Miren, pues por una vez, les diré que no estuvo tan mal Rajoy al anunciar con nocturnidad y alevosía el cese del siniestro José Ignacio Wert y su sustitución por el gachó que tenía más a mano. Por supuesto que es una desconsideración del quince, amén de la enésima muestra de prepotencia mariana y la medida bastante exacta de la mierda que le importan al tipo los ciudadanos de los que sigue siendo presidente nominal. Pero como eso ya está descontado a fuerza de desparpajuda insistencia —recuerden el nuevo plasmazo para dar cuenta de los cuatro retoques en el PP—, me parece que el triste tuit a deshoras y la nota de prensa monda y lironda son un modo muy adecuado de comunicar la tocata y fuga del peor ministro de Educación, Cultura y Deporte (no sé si me dejo algo) que se recuerda en decenios en territorio hispanistaní. Y miren que los ha habido malos.

Incluso añadiría que hubo pompa de más. A la inmensa mayoría de sus administrados, es decir, de sus damnificados, les habría bastado un ya era hora, un anda y que te den o un ahí te pudras con peineta y butifarra adosadas. Solo como desfogue, claro, porque no queda ni el consuelo de pensar que se lo cepillan por su acreditada ineptitud entreverada de chulería. El individuo se las pira un cuarto de hora antes de que acabe la legislatura, y lo hace por su propio pie para engancharse a otro momio y, de paso, contentar los bajos. Deja, entre otras herencias ponzoñosas, esa cagarruta cósmica llamada LOMCE, también conocida para ensanchamiento de su narcisismo onanista como Ley Wert. Sería una bonita revancha que jamás de los jamases llegara a aplicarse.

Cambios y recambios

He renovado el carné las veces suficientes como para recordar con nitidez los carteles con el careto de un joven Felipe González mirando al horizonte con arrobo sobre el lema “Por el cambio”. Tampoco he olvidado lo pronto que quedó claro que aquello no fue otra cosa que —nótese el matiz semántico— un cambiazo de tomo y lomo. Más talludito y con el concepto de decepción aprendido y hasta aprehendido, como gustaba decir a los pedagogos progres de mi época, he ido asistiendo a un sinfín de anuncios que llevaban como reclamo la magnética y resultona palabreja.
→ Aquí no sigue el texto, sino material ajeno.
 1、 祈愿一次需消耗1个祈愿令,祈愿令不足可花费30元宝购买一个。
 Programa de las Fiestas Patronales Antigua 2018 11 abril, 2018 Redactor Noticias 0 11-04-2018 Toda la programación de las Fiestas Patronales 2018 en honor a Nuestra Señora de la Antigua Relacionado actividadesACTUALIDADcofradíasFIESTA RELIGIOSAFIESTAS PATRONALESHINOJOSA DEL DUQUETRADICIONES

El penúltimo que me viene a la memoria sin esfuerzo alguno, porque fue anteayer como quien dice y todavía padecemos no pocos de sus efectos, es el “gobierno del cambio” que trapisondaron PSE y PP en la demarcación autonómica de Vasconia. Y aún habría de llegar el mismísimo Mariano Rajoy, hace tres años, dos meses y nueve días a arramplar su (letal) mayoría absoluta a lomos de la divisa “Súmate al cambio”.
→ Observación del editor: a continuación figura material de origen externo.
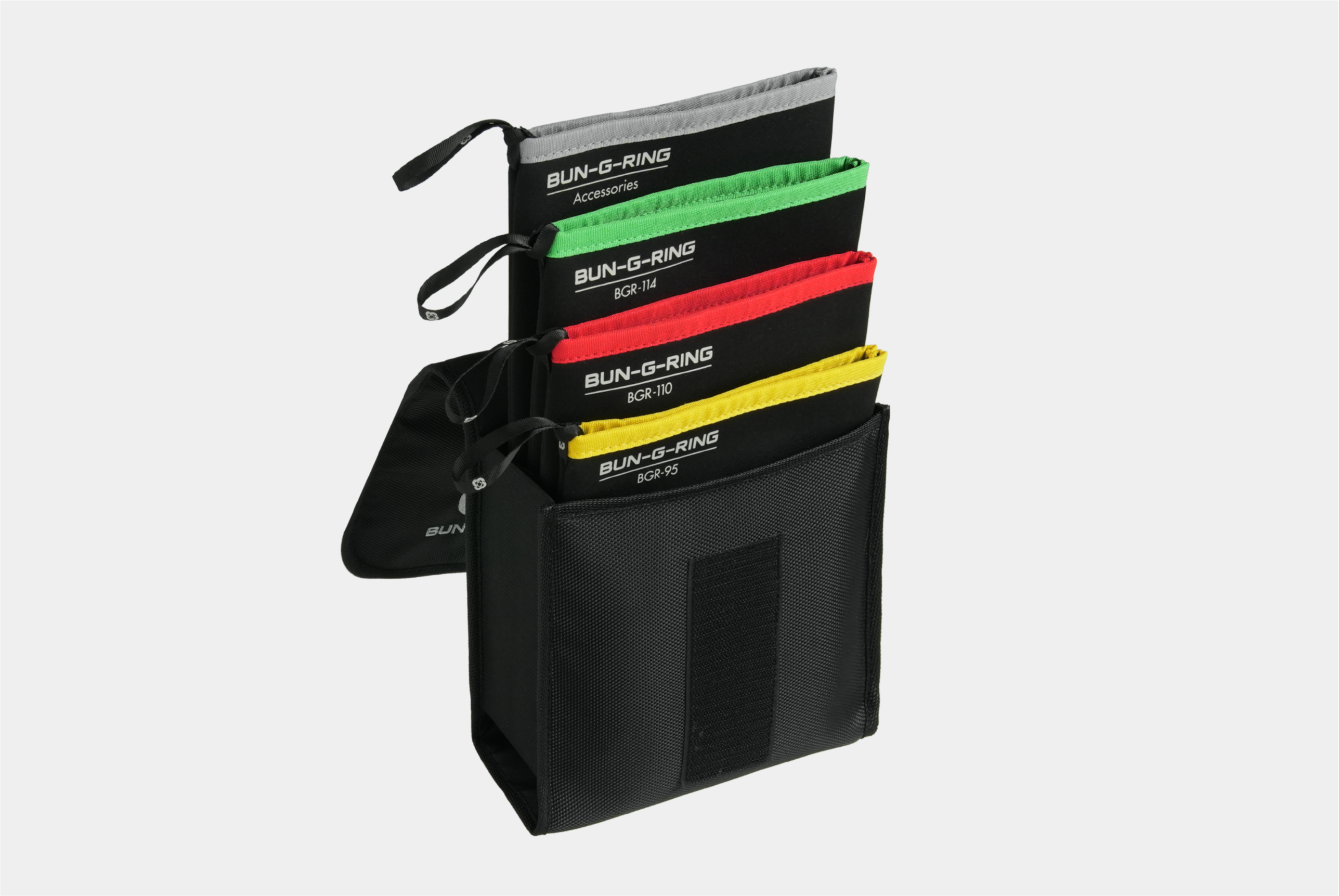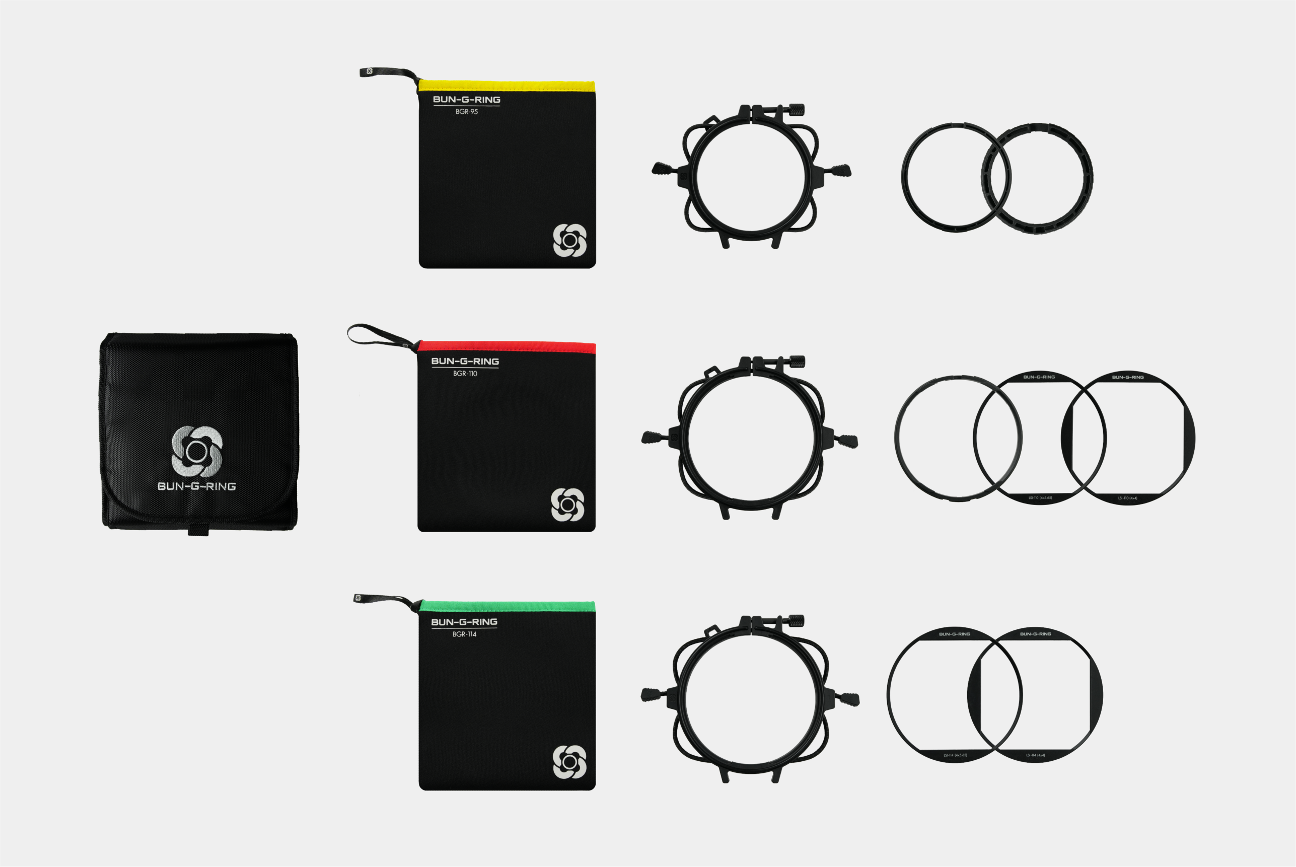 This full set contains three color-coded Bun-G-Rings with accessories, neoprene sleeves, and a carrying pouch. It's compatible with over 1000 cinema lenses with the following front diameters:

Aplicando la filosofía de las tapas del yogur —“Siga jugando; hay muchos premios”—, Podemos, ha proclamado 2015 como el año del cambio de verdad de la buena. Decenas de miles de personas, una inmensa multitud sin matices, participaron ayer en Madrid en lo que en la terminología clásica se denomina “una jornada festivo-reivindicativa”, quizá más lo primero que lo segundo, bajo la consigna “Empieza el cambio”.

Son de sobra conocidos mis recelos hacia la indiscutible formación emergente y también mi escepticismo congénito. Pues fíjense que aun así, tengo el pálpito de que esta vez sí cambiarán media docena de cosas, y no necesariamente para mal.